Las tecnologías de video y las redes sociales nos permiten presenciar sucesos que preferiríamos ignorar: agresiones indignantes, tragedias fácilmente evitables, muertes por irresponsable temeridad. Quizá lo más doloroso es poder atestiguar agresiones que antes permanecían como pura referencia verbal de testigos conmocionados. Ahora, la accesibilidad a la violencia real o imaginaria es un espectáculo global.

Esto nos lo reitera una reciente grabación en la población oaxaqueña de Santiago Juxtlahuaca: en un local de videojuegos, un adulto incita a dos niños que se golpean tirados en el piso; luego, toma del cuello al que parece estar venciendo, lo avienta de nuevo al piso y lo patea en el vientre mientras le grita “gordo maricón”.

Parientes del niño agredido dieron a conocer el presunto nombre del agresor, propietario del local de videojuegos. Sobre su identidad, circularon datos que deben ser esclarecidos. Se le atribuyó inicialmente ser familiar del presidente municipal de Juxtlahuaca. El edil negó tal parentesco. Otras notas informativas afirman que el agresor es o bien docente o trabajador administrativo del Instituto Estatal de Educación Pública de Oaxaca.
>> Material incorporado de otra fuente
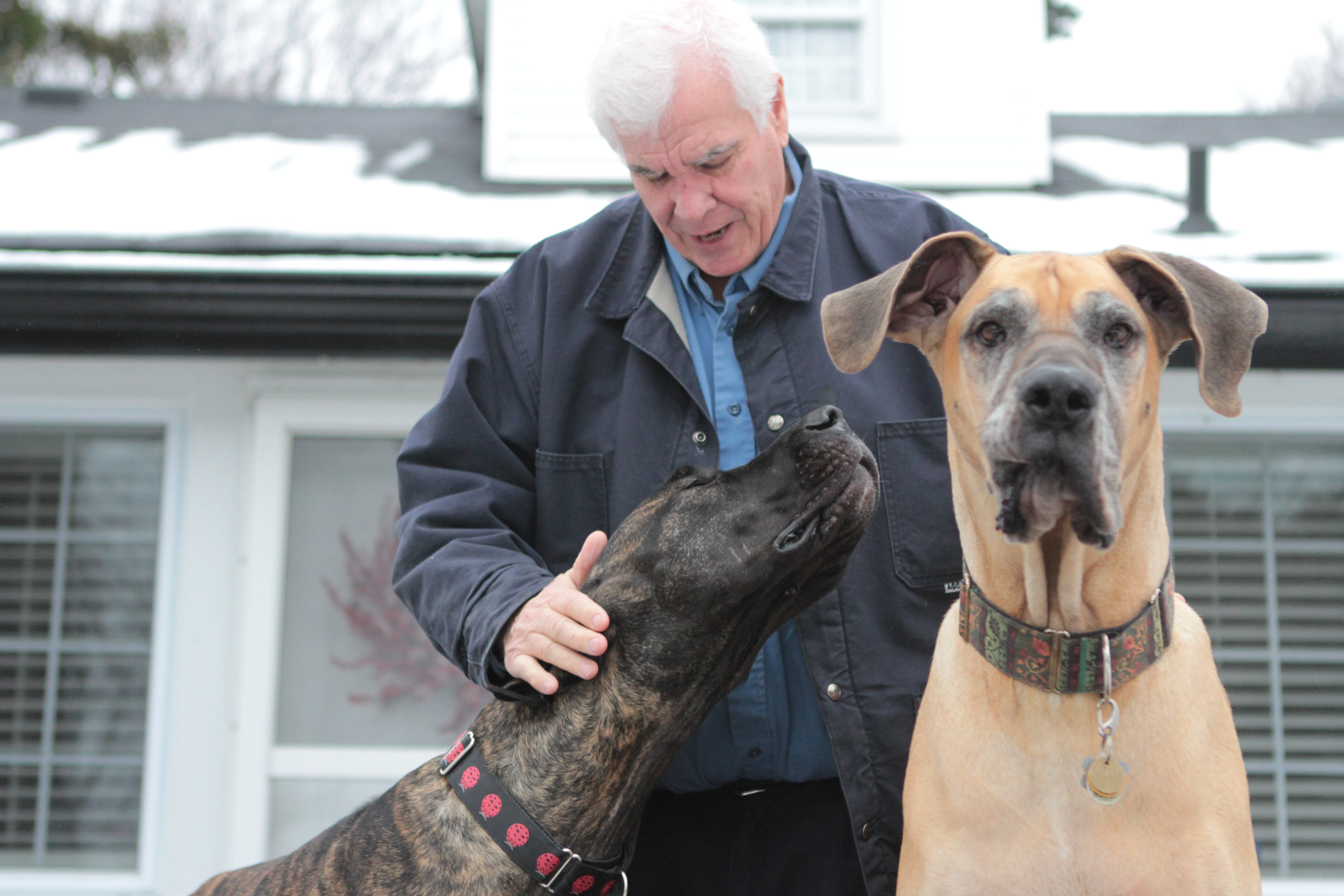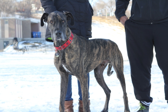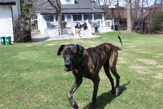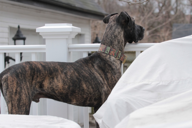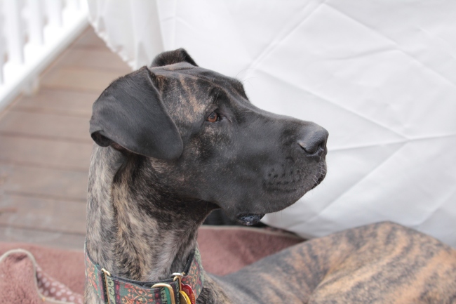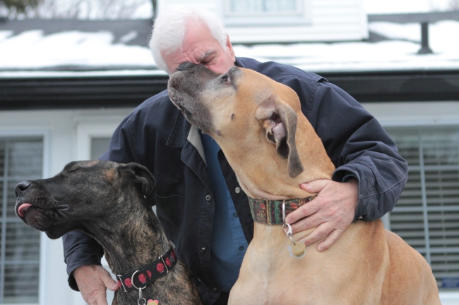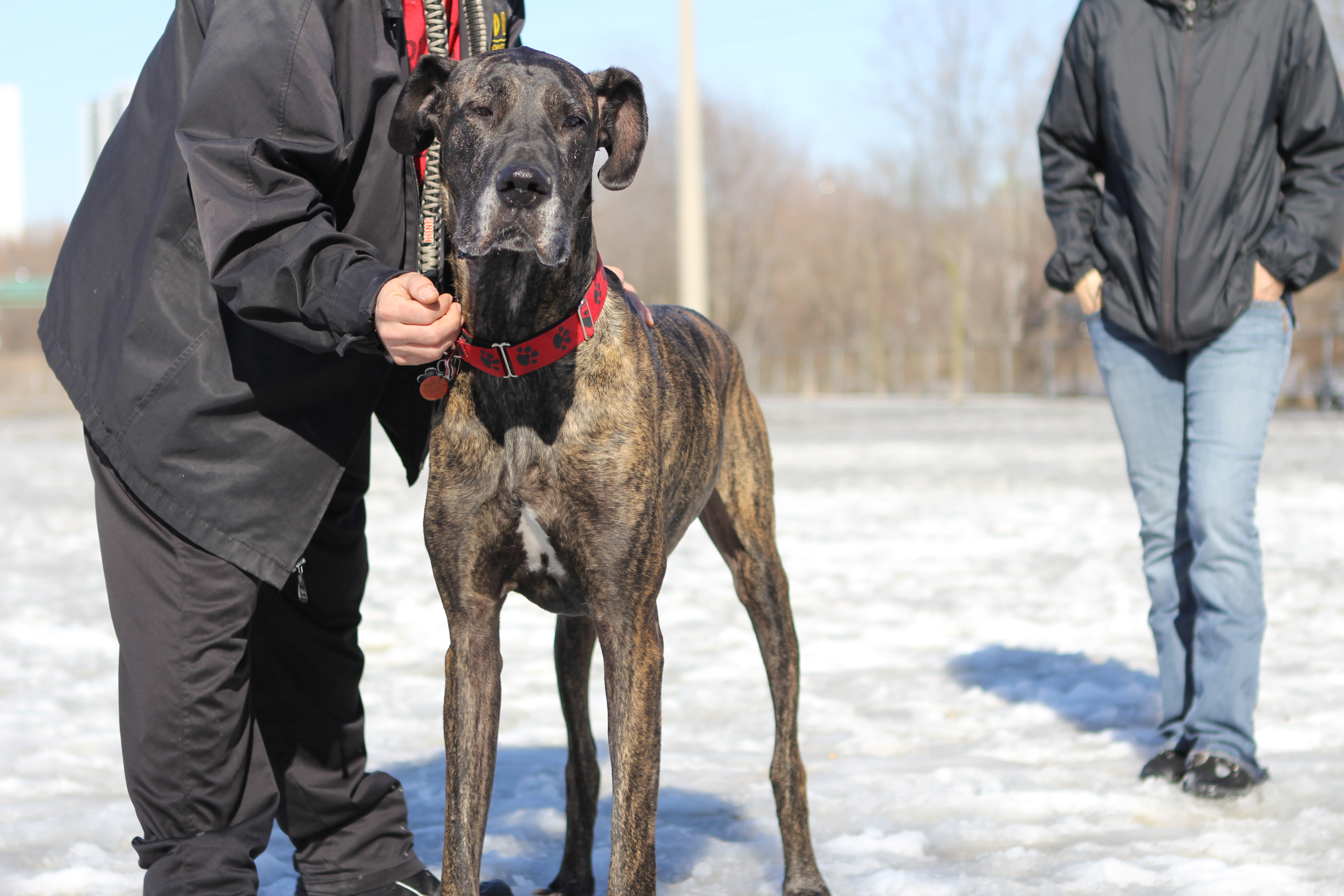 Guinness. We first heard about Guinness through GDRI due to an absolute travesty of a household. Guinness was one of four Great Danes living in a home with an abusive husband, a wife, and several children. The dogs were beaten, abused and starved. After the husband left, the family abandoned the Great Danes in the basement because they were upside-down on the mortgage. When a friend of the wife learned about this a month after the abandonment, she immediately went to house, broke in to rescue the 4, took them home and called GDRI for help. After time in the vet’s ICU, the four Danes (aged 1.5 and 3) went to four separate fosters, with Guinness going to Ontario.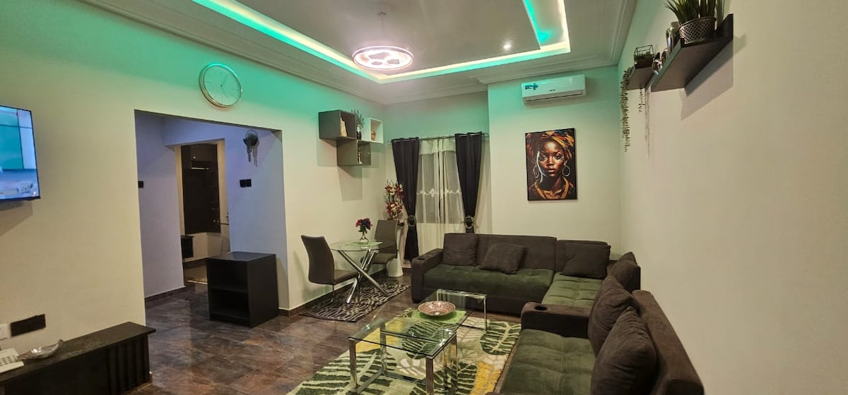 Disfruta de una estancia tranquila y cómoda en este acogedor departamento de un dormitorio con baño privado, sala de estar y dormitorio con aire acondicionado, cocina totalmente equipada, terraza privada, estacionamiento gratuito, televisores en ambas habitaciones y lavadora. Ubicado en un barrio tranquilo con fácil acceso a tiendas y transporte, el departamento es ideal para viajeros solos y parejas. Se incluye una asignación diaria de servicios públicos prepagados de GHS 30 y 6 GB de internet. Cualquier uso adicional es a expensas del huésped.

Si esto último se confirma, se añadirá a las faltas de la institución educativa estatal, una de las entidades públicas que más quejas genera en Oaxaca por violaciones a derechos humanos. En 2020 el diario El Universal informó que “de 2019 a la fecha, la Defensoría de los Derechos Humanos del Pueblo de Oaxaca ha iniciado 20 expedientes de queja por actos de acoso y abuso sexual en escuelas públicas de la entidad. De ese total, 14 se registraron el año pasado, además de otras seis en 2020”.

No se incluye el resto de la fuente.